皆さんご存知かと思いますが、以下の3項目が緊急提言として挙げられています。
①校長及び教育委員会は学校において「勤務時間」を意識した働き方を進めること
②全ての教育関係者が学校・教職員の業務改善の取組を強く推進していくこと
③国として持続可能な勤務環境整備のための支援を充実させること
特に、①の勤務時間については、教員の出退勤時刻の管理ができている学校が非常に少ないことを踏まえ、「自己申告方式ではなく,ICTやタイムカードなど勤務時間を客観的に把握し,集計するシステムが直ちに構築されるよう努めること。」と明示しており、早急な対応が求められます。
「労働時間管理」という概念のない世界で過ごしてこられた教員の方々からは少なからず抵抗があるようですが、労働時間の管理を徹底することはとても重要なことです。
以下の記事では、その理由がわかりやすく挙げられています。
■理由1:義務である
第1に、緊急提言でも「勤務時間管理は、労働法制上、校長や服務監督権者である教育委員会に求められている責務である」と書かれているとおりである。厚労省からも「労働時間の適正な把握のために使用者が講ずべき措置に関するガイドライン(平成29年1月20日策定)」が出ている。
わずか4ページなので、ぜひご一読いただきたい。
使用者が現認できない場合は、「タイムカード、ICカード、パソコンの使用時間の記録等の客観的な記録を基礎として確認し、適正に記録すること」が原則である。
■理由2:振り返りのため
2つ目の理由は、働き方改革や業務改善を進めるには、まず、現状をしっかり把握して、反省する必要があるからである。教員の大好きな〝リフレクション〟は、働き方改革にも必要である。

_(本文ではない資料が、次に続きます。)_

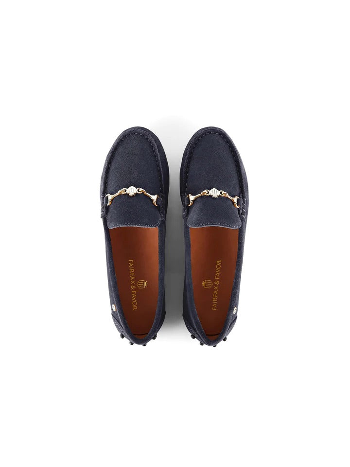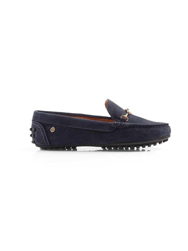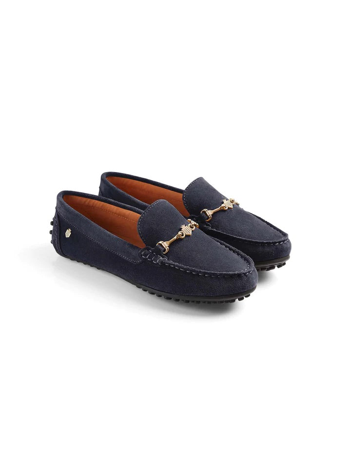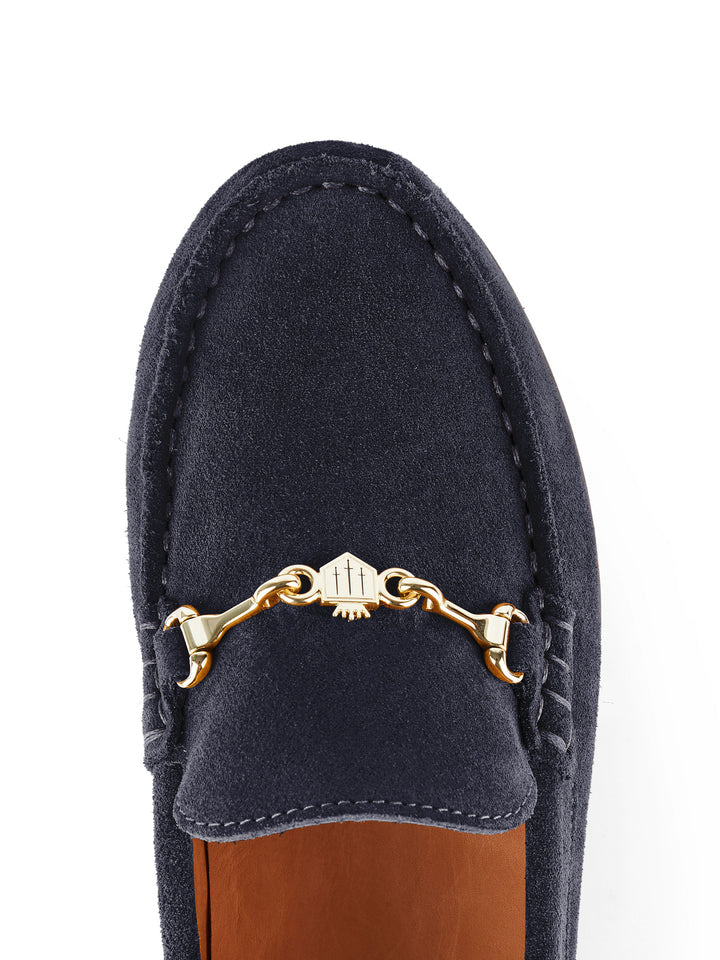 An addition to the Fairfax & Favor driving shoe family, the Trinity Driver is a stylish take on a much-loved classic. Crafted from soft luxurious suede and lined with a leather comfort padded insole. Finished off by the branded gold bit hardware and the signature gold shield. A real upgrade to your casual footwear collection, the Trinity can be paired with jeans, an oversized shirt and the Gatcombe Tote for a more elevated weekend look.

例えば、学校でテストを1度も行わずに学力向上の有効な手立てを立案できるだろうか。あるいは、体重計に乗らずに、ダイエットしようとする人がいるだろうか。正確な記録と振り返りがないとは、そういうことと同じだ。
確かに、タイムカード等を導入したからといって、劇的に勤務時間の削減になるとは限らない。実際、連合総研の27年の調査によると、タイムカード等の機器で出退勤時刻管理を行っているという教員と、そうでないという教員との間で、週の労働時間に有意差は確認されなかった。
少し考えてみれば当たり前の話だが、時間の把握だけでは、仕事を減らすことにはならない。が、同時に言えることは、時間の把握もないままでは、今が危機的なのか、何を見直すべきかなども見えてこない。
■理由3:自分と家族を守るため
3つ目の理由として、仮に病気や最悪、過労死等となった場合、公務災害として認められるかどうかという点で、勤務時間の記録がないと、不利になる。
裁判になって何年も闘って勝てるかどうかという事案も多いのは、正確な記録がないためである。記録がないと、遺族の方には、教材や文書などの成果物を集めたり、関係者から証言をとったりする苦労がものすごくかかってしまう。その負担もあって、公務災害の訴えを断念する(いわゆる泣き寝入りする)例も多いと推察される。
どの理由も当然重要ですが、私は特に「理由2」が重要であると感じています。
記事中にもありますが、労働時間を管理するだけでは長時間労働が改善されないことは明白です。PDCAサイクルをしっかりと回すことが求められます。
その理解がなければ、労働時間管理はあまり意味のないものになってしまいます。
緊急提言を受けて各学校は対応に追われることと思いますが、ただ労働時間を管理するだけではなく、教員の方々に目的と理由をしっかりと理解してもらうことが何より重要です。